We illustrate maximum likelihood estimation of an LMM using the 400 copper concentration measurements from the Scottish Borders. We initially assume that the fixed effects are constant and that a log-transform is sufficient to normalize the data. Thus, we assume that the Box-Cox parameter λ is zero. In fact, when the Box-Cox parameter was unconstrained, the increase to the log-likelihood was negligible and did not improve the AIC. We estimated the c 0, c 1 and a parameters for fixed v equal to 0.05, 0.075, 0.1, 0.2, 0.3, 0.4, 0.5, 0.75, 1.0, 1.25, 1.5, 1.75, 2.0 and 2.5. The profile-likelihood plot of the minimized negative log-likelihoods that resulted is shown in Fig. 11.5a. The smallest negative log-likelihood occurred for v = 0.1. When ν was unfixed, a smaller negative log-likelihood resulted with v = 0.12. The best fitting variogram is plotted in Fig. 11.5b. It sharply increases as the lag is increased from zero, reflecting the small value of the smoothness parameter. This maximum likelihood estimate of the variogram is reasonably consistent with the empirical variogram (see Fig. 11.5b).

Fig. 11.5
figure 5

(a) Plot of minimized negative log-likelihood of 400 ln copper concentrations for different fixed values of v. The black cross denotes the minimized negative log-likelihood when v is unfixed, (b) maximum likelihood estimate of the variogram (continuous line) of ln copper concentrations and the corresponding method of moments point estimates (black crosses)

Figure 11.6 shows the maximum likelihood estimates of the variograms and cross-variograms when the s vector contained the 400 observations of copper and the 500 observations of cobalt. The natural log-transform was applied to each soil property, and the fixed effects consisted of a different constant for each property. Again, there is reasonable agreement between the maximum likelihood estimate and the empirical variograms. However, some small discrepancies are evident. The maximum likelihood estimate for cobalt has a longer range than might be fitted to the empirical variogram, and the maximum likelihood estimate of the cross-variogram appears to be consistently less than the corresponding empirical variogram. This was probably caused by the constraints placed on the parameters, such as the requirement that all the variograms had the same range.

Fig. 11.6
figure 6

Maximum likelihood estimate of (a) the LMCR ln copper auto-variogram, (b) the LMCR ln copper and ln cobalt cross-variogram and (c) the LMCR ln cobalt auto-variogram. The black crosses are the corresponding method of moments point estimates

In Table 11.1, we show the negative log-likelihood and AIC values that result when different LMMs are estimated for the Scottish Borders data. The simplest models only consider copper observations and assume constant fixed effects and a pure nugget variogram. Then, the pure nugget variogram is replaced by a nugget and Matérn model. The third model also replaces the constant fixed effects by ones that vary according to the soil types displayed in Fig. 11.3. The final model considers observations of both copper and cobalt and assumes that each of these properties has constant fixed effects. The models are estimated for both the 50 and 400 observation samples of copper. Both coregionalized models include 500 cobalt observations.
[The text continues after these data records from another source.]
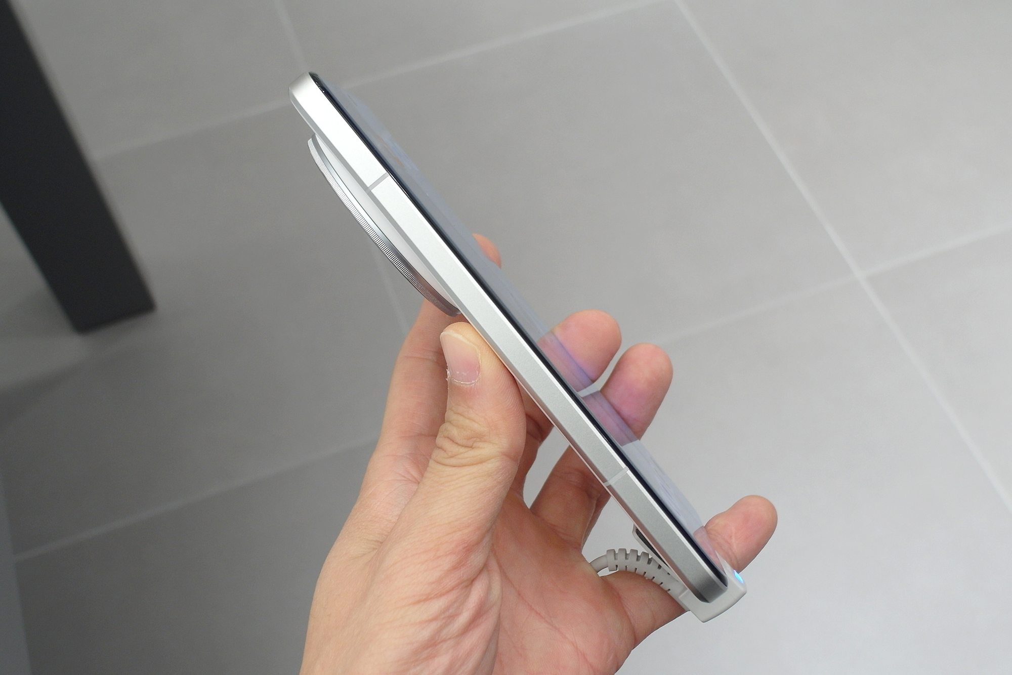 샤오미 15 울트라 스마트폰에는 올 어라운드 리퀴드 디스플레이가 적용되었는데요. 베젤이 슬림하다는 것을 상징하는 마케팅 용어 같은데요. 베젤의 두께가 상당히 얇은 편이어서 몰입감이 높은 편입니다. 그런데 모서리 부분이 약간 라운드처리되어 있다는 점은 저에게는 불편함으로 다가왔습니다.
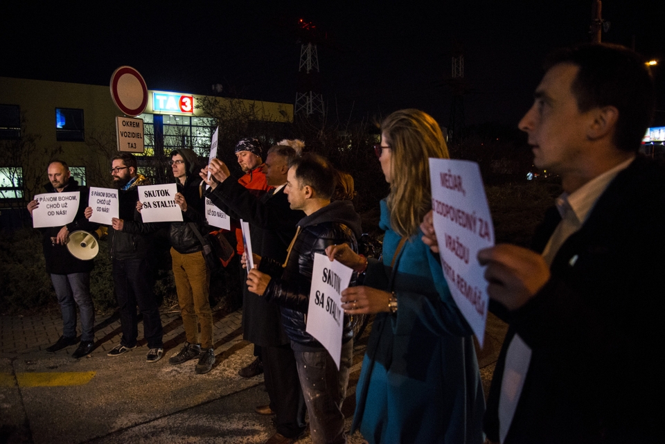 Már csaknem éjfél volt, amikor Mečiar elhagyta a televízió székházát, de még mindig voltak tüntetők az épület előtt. Az egykori kormányfőt, aki szerint eddig nem kapott elég teret a médiában, hogy megvédje magát a vádakkal szemben, most két tucat újságíró várta, mégsem válaszolt a kérdésekre. A tüntetők közben azt skandálták: „Szégyen”.
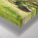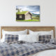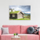 Canvas landscape print of a sod roof log cabin with grass on top with a great view over a green valley and a Norwegian flag in Jotunheimen national park in Norway.
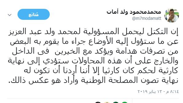 وقال ولد أمات في تغريدة على حسابه في اتويتر إن التكتل “يحمل المسؤولية لمحمد ولد عبد العزيز عن ما ستؤول إليه الأوضاع جراء ما يقوم به البعض من تصرفات هدامة”.
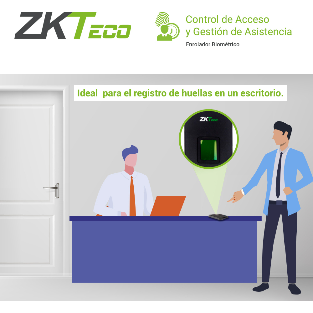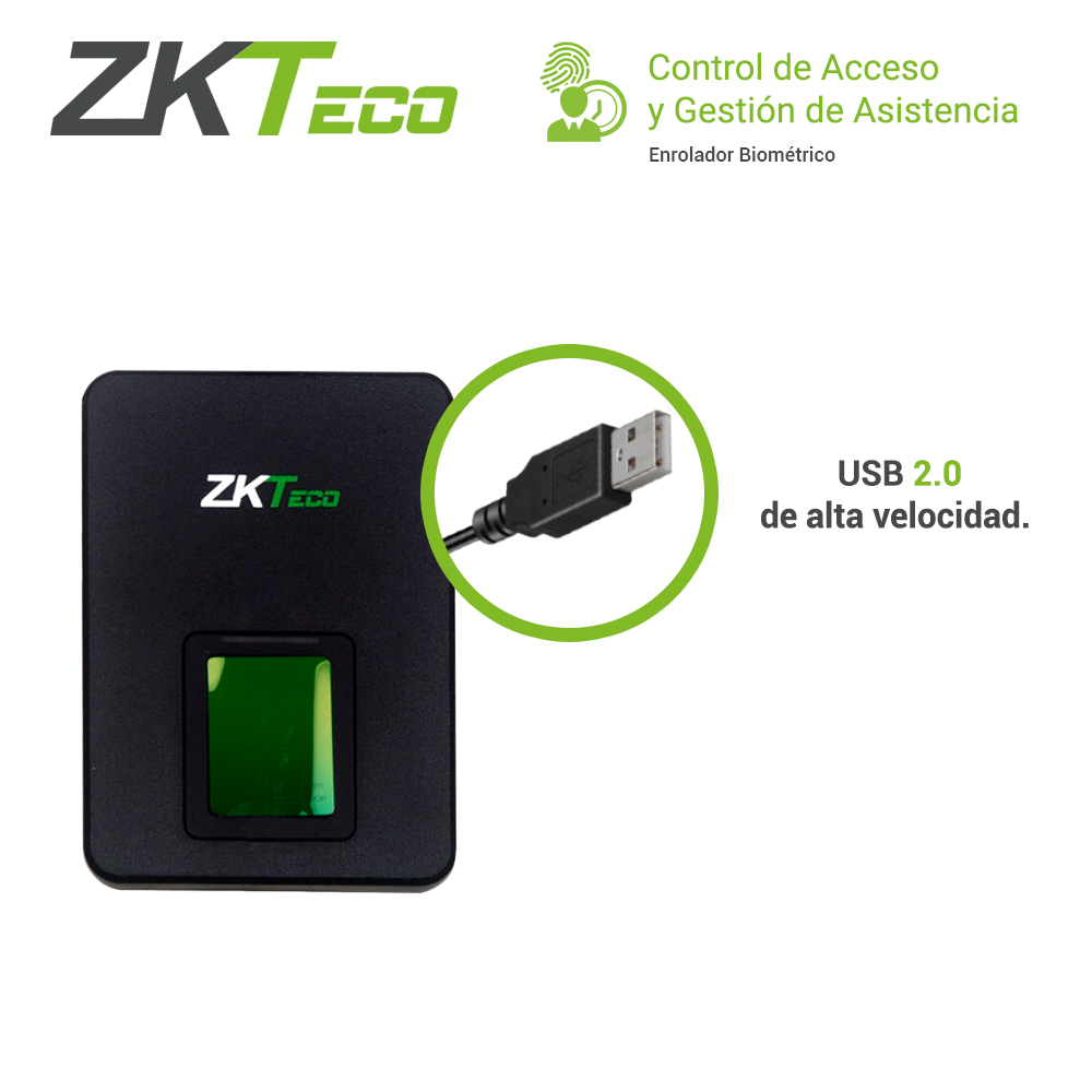Enrolador de huellas para software de acceso y asistencia ZK9500 Permite ahorrar tiempo y dinero especialmente cuando un elevado volumen de usuarios use los sistemas ZK del lugar. Características: Amplia zona de captura de huellas y alta calidad de imagen. Operación estable bajo luz intensa. Reconocimiento rápido de huellas secas, ásperas y húmedas. Modo de reposo. Consumo bajo de energía. Interfaz USB de alta velocidad. Material plástico industrial ABS de alta calidad. SDK disponible para desarrolladores. Compatible con sistema operativo Windows incluyendo Windows XP Vista Windows 7 y Windows 8/10 (32/64bit).

Table 11.1 Number of parameters (p), minimized negative log-likelihood (−L) and AIC value for models with different fixed effects (M), variogram models, number of copper observations (n Cu) and number of cobalt observations (n Co)

For both sample sizes, the negative log-likelihood decreases upon inclusion of the Matérn variogram function and the nonconstant fixed effects. In the case of the 400 observation samples, the AIC also decreases in the same manner. However, for the 50-point sample, the addition of these extra terms to the model causes the AIC to increase. This indicates that there is insufficient evidence in the 50-point sample to indicate that copper is spatially correlated or that it varies according to soil type. For both sample sizes, the lowest AIC occurs when the 500 cobalt observations are included in the model. Note that the models of coregionalized variables were estimated by minimizing the negative log-likelihood function which included both properties. However, the negative log-likelihood that is quoted in Table 11.1 is the likelihood of the copper observations given both the estimated parameters and the cobalt observations. This means that the corresponding AIC value is comparable to those from the other three models.

4 Bayesian Methods and Variogram Parameter Uncertainty

The model-based methods described in this chapter are compatible with Bayesian methodologies which can be used to quantify the uncertainty of the random effects parameters (Handcock and Stein 1993). Classical statistical methodologies assume that model parameters are fixed. Generally, when applying classical or model-based geostatistics, we look for a single best fitting variogram model and take no account of variogram uncertainty. In Bayesian analyses, model parameters are treated as probabilistic variables. Our knowledge of the parameter values prior to collecting any data is expressed as a prior distribution. Then the observations of the soil property are used to update these priors and to form a posterior distribution which combines our prior knowledge with the information that could be inferred from the observations.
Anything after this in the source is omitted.